**What you need to do**
From the line containing "A box of matches" through the end of the entries, please repeat every line exactly and nothing more; the pictures do not belong in the copy.

**Information shown**
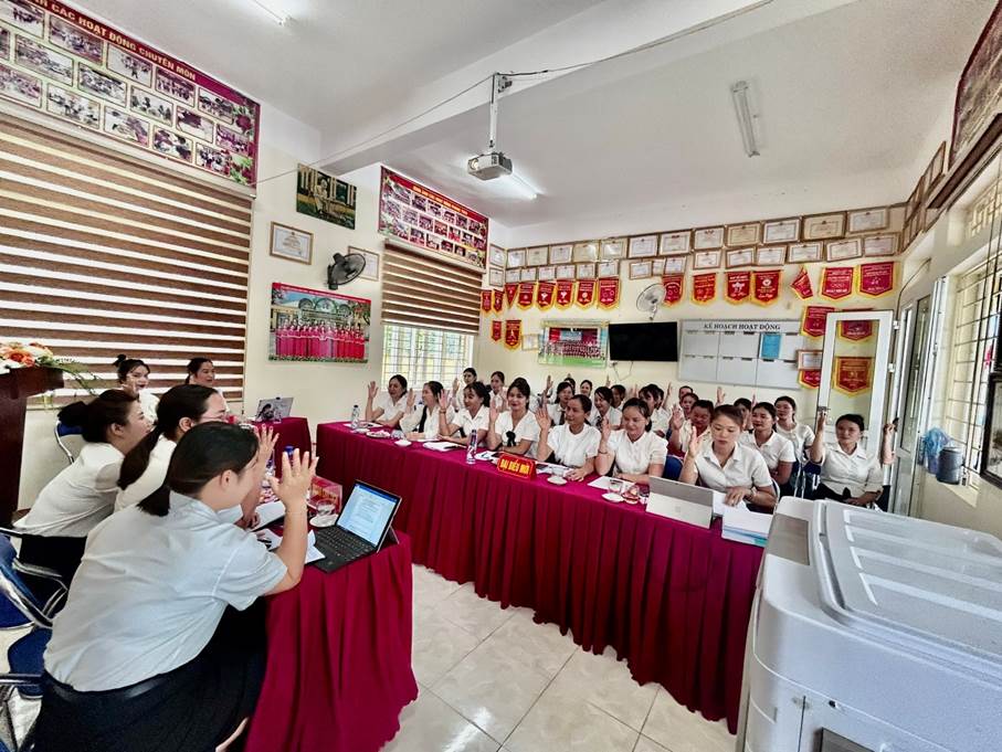 Sau buổi làm việc nghiêm túc và khẩn trương, Hội nghị đã đi đến biểu quyết thông qua các chỉ tiêu cơ bản của nhiệm vụ năm học 2025 - 2026 và thống nhất các kế hoạch, chỉ tiêu đề ra, quyết tâm thực hiện bằng biểu quyết 100% Viên chức, người lao động trong nhà trường nhất trí.
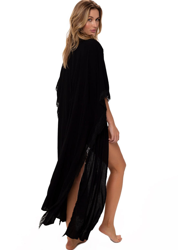 Shop our stylish black maxi cover-up, the perfect lightweight and comfortable addition to your swimwear collection. Featuring a plunging V-neck and tassel details, this versatile piece easily transitions from beach to dinner. Explore now!
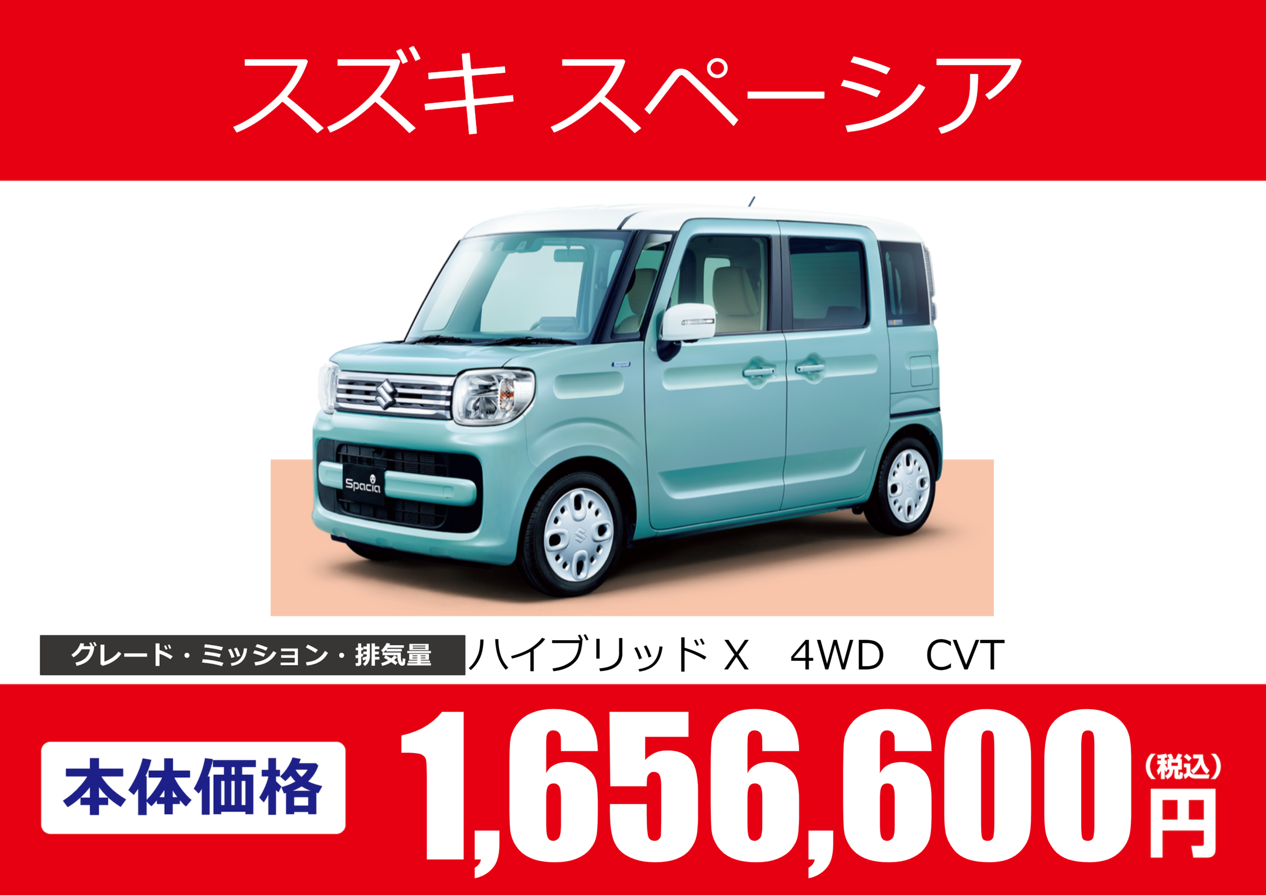 | 車名 | スズキ スペーシア | グレード ミッション 排気量 |
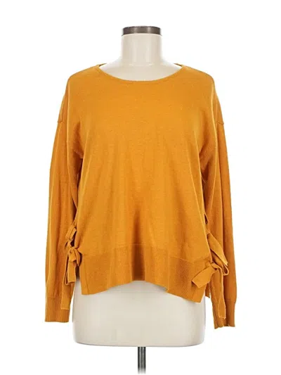Ci Sono Pullover Sweater, Size: Medium. Item Details: Orange, Tie Neck, Long Sleeve, Ruched, Women's Tops, Cotton/Polyester
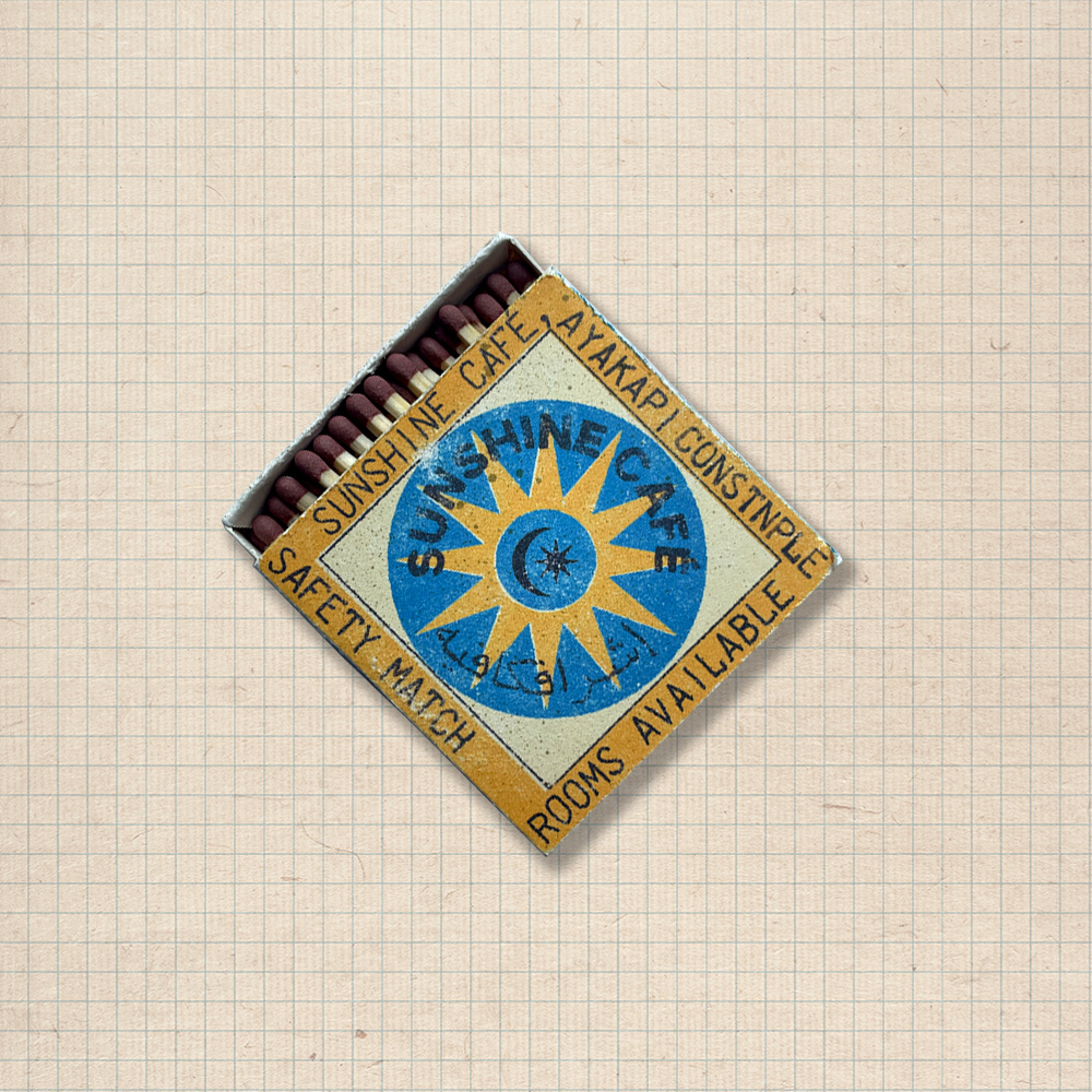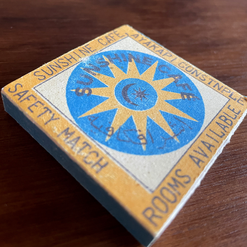 A box of matches acquired by Issac Simpson in the Sunshine Café, Ayakapi, Constantinople 1925
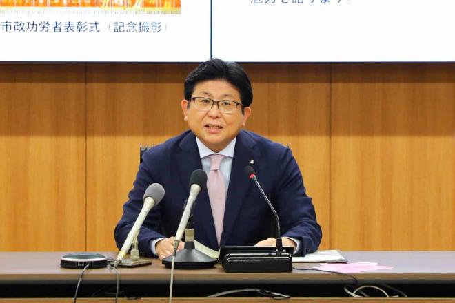 定例記者会見で記者からの質問に答える市長
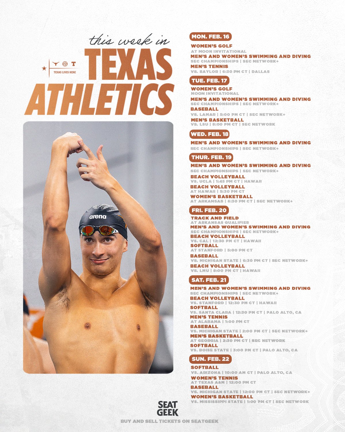Texas Longhorns Athletics Release their schedule stating "another packed week for the Horns"
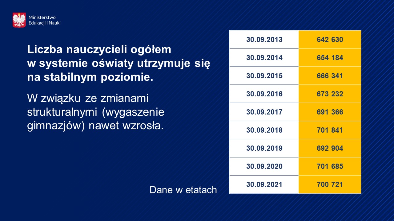 Liczba nauczycieli w systemie oświaty utrzymuje się na stabilnym poziomie. W związku ze zmianami strukturalnymi (wygaszenie gimnazjów) wzrosła w ostatnich latach. Od 30 września 2013 r. mamy w systemie oświaty ponad 58 tys. etatów więcej (58 091 – dane na 8 sierpnia 2022 r.).
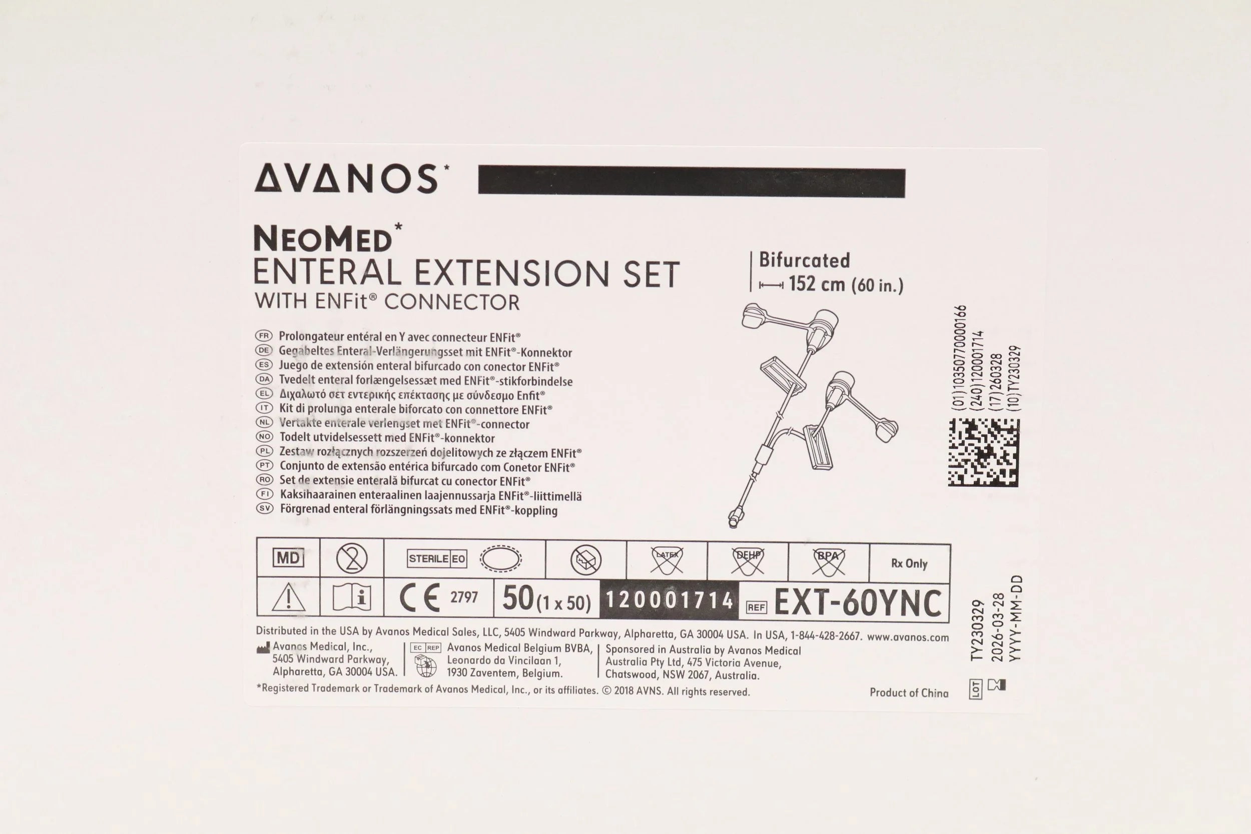 AVANOS | EXT-60YNC | SHORT-DATE | BOX OF 50 | NeoMed ENFit Compliant NeoConnect Enteral Extension Set - NeoConnect Bifurcated ENFit Extension Set, 60"

**Written solution**
 A box of matches acquired by Issac Simpson in the Sunshine Café, Ayakapi, Constantinople 1925
 定例記者会見で記者からの質問に答える市長
Texas Longhorns Athletics Release their schedule stating "another packed week for the Horns"
 Liczba nauczycieli w systemie oświaty utrzymuje się na stabilnym poziomie. W związku ze zmianami strukturalnymi (wygaszenie gimnazjów) wzrosła w ostatnich latach. Od 30 września 2013 r. mamy w systemie oświaty ponad 58 tys. etatów więcej (58 091 – dane na 8 sierpnia 2022 r.).
 AVANOS | EXT-60YNC | SHORT-DATE | BOX OF 50 | NeoMed ENFit Compliant NeoConnect Enteral Extension Set - NeoConnect Bifurcated ENFit Extension Set, 60"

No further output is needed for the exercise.